DATA SHOWN:
#####
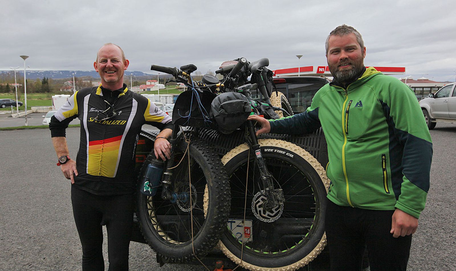 Eiríkur átti hugmyndina að ferðinni þegar hann keypti sér svokallað „fat bike“ fyrir um ári. Hjólin eru á breiðari dekkjum en gengur og gerist og að auki slöngulaus þannig hægt er að stilla loftþrýstingin þannig þau fljóti á snjónum, líkt og fjallajeppar.
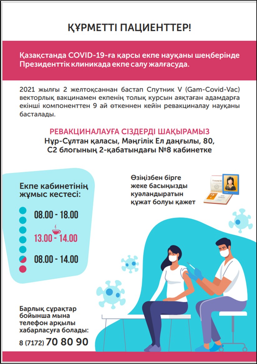 НАЗАР АУДАРЫҢЫЗ! ҚР ПІБ МО ауруханасында 2021 жылғы 2 желтоқсаннан бастап Спутник V (Гам-Ковид-Вак) векторлық вакцинамен екпенің толық курсын аяқтаған адамдарға екінші компонент алғаннан 9 ай өткеннен кейін ревакцинация науқаны басталады.
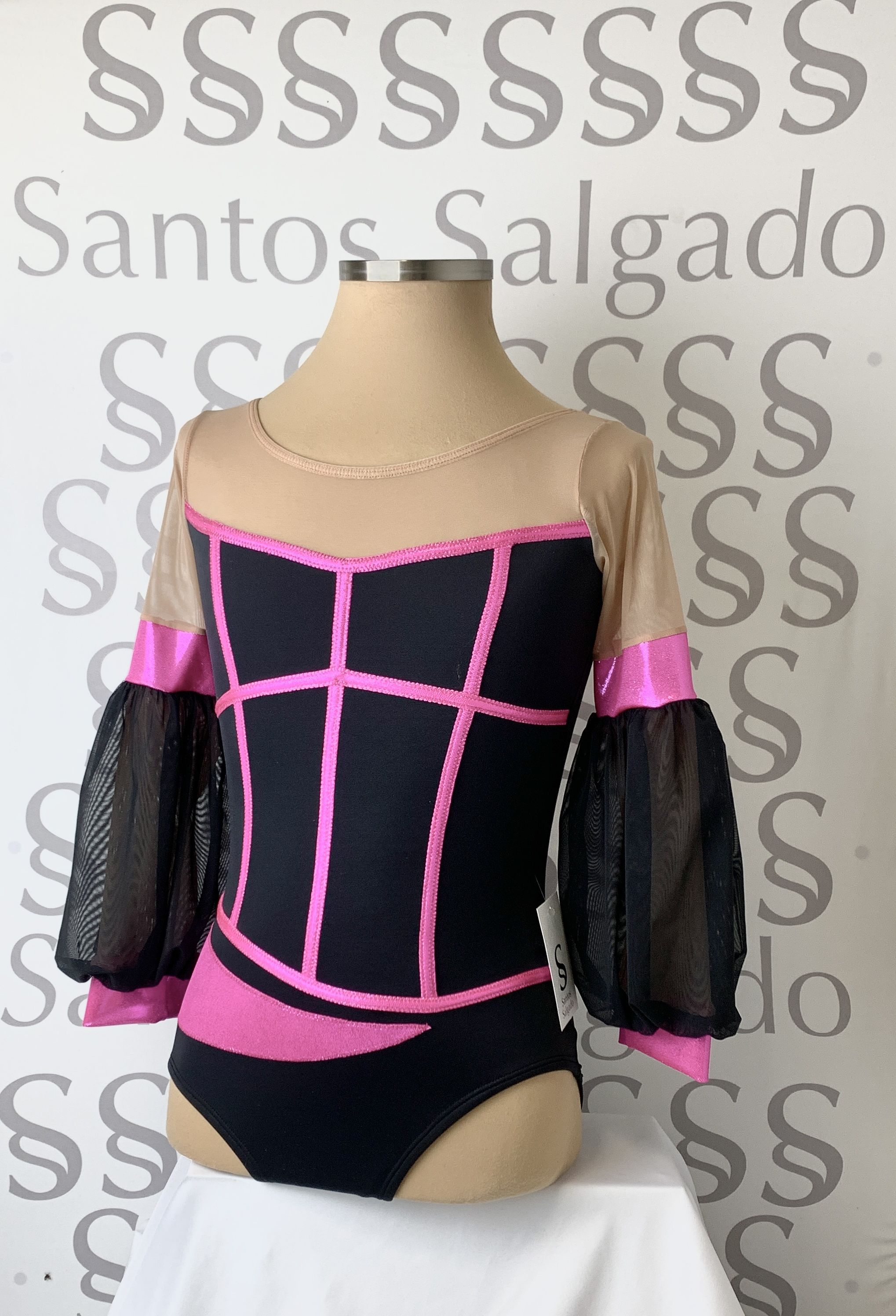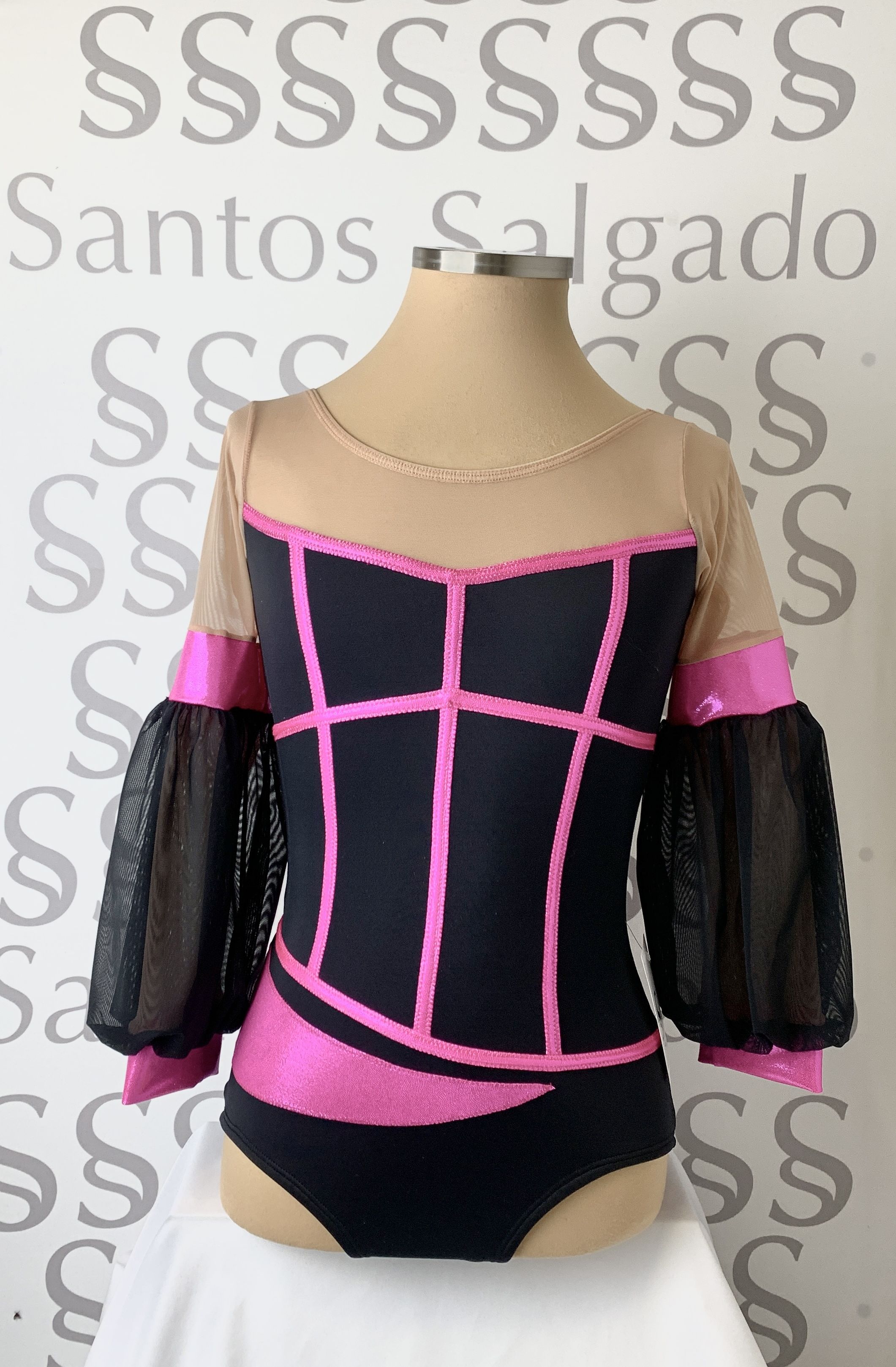 Body negro con parte de arriba transparente y mangas 3/4 abullonadas.
#####
YOUR TASK: When you write out the material, reproduce each line exactly and omit any picture it holds.

SOLUTION TO THIS PROBLEM:
 Eiríkur átti hugmyndina að ferðinni þegar hann keypti sér svokallað „fat bike“ fyrir um ári. Hjólin eru á breiðari dekkjum en gengur og gerist og að auki slöngulaus þannig hægt er að stilla loftþrýstingin þannig þau fljóti á snjónum, líkt og fjallajeppar.
 НАЗАР АУДАРЫҢЫЗ! ҚР ПІБ МО ауруханасында 2021 жылғы 2 желтоқсаннан бастап Спутник V (Гам-Ковид-Вак) векторлық вакцинамен екпенің толық курсын аяқтаған адамдарға екінші компонент алғаннан 9 ай өткеннен кейін ревакцинация науқаны басталады.
 Body negro con parte de arriba transparente y mangas 3/4 abullonadas.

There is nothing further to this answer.